In the course of the next few years, major developments can be expected from any or all of three distinct quarters. The most obvious of these, needless to say, is the Qumran material itself. Now that the entire corpus of this material is readily accessible, independent scholars, without preconceptions, without axes to grind and vested interests to protect, can get to work. The international team’s ‘orthodoxy of interpretation’ has already begun to come under attack; and as this book has demonstrated, the supposed archaeological and palaeographical evidence with which they support their position will not withstand close scrutiny. In consequence, we can expect a radical revision of the process whereby dates have been assigned to a number of particularly important texts. As a result, new contexts and interpretations will emerge for already familiar material. And new material will emerge in perspectives that would have been cursorily and high-handedly dismissed a few years ago.

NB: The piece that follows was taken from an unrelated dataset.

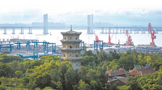 泉州六胜塔是古代海上丝绸之路的重要航标塔,如今依然矗立在泉州湾入海处。塔底下是繁忙的码头,远处是泉州湾大桥 |

At the same time, there is also the possibility, enhanced by each new archaeological expedition Eisenman and his colleagues undertake to Qumran and the shores of the Dead Sea, that wholly new material may come to light. This possibility will be further enhanced — now that the Israeli government has granted permission for its use — by deployment of the ‘Subsurface Interface Radar’ system.

Finally, there is the clandestine scroll market, which may at any moment cough up something of unprecedented consequence — something hitherto kept secret, at last released into public domain. As we have said, such material exists. The question is simply if and when those who hold it decide it can be divulged.

Whatever the quarter or quarters from which new material might issue, fresh and, in some cases, very major revelations are bound to be forthcoming. As this occurs, we can expect ever more light to be shed on biblical history, on the character of ancient Judaism, on the origins of both Christianity and Islam. One should not, of course, expect a disclosure of such magnitude as to ‘topple the Church’, or anything as apocalyptic as that. The Church today, after all, is less a religious than a social, cultural, political and economic institution. Its stability and security rest on factors quite remote from the creed, the doctrine and the dogma it promulgates. But some people, at any rate, may be prompted to wonder whether the Church — an institution so demonstrably lax, biased and unreliable in its own scholarship, its own version of its history and origins – should necessarily be deemed reliable and authoritative in its approach to such urgent contemporary matters as overpopulation, birth control, the status of women and the celibacy of the clergy.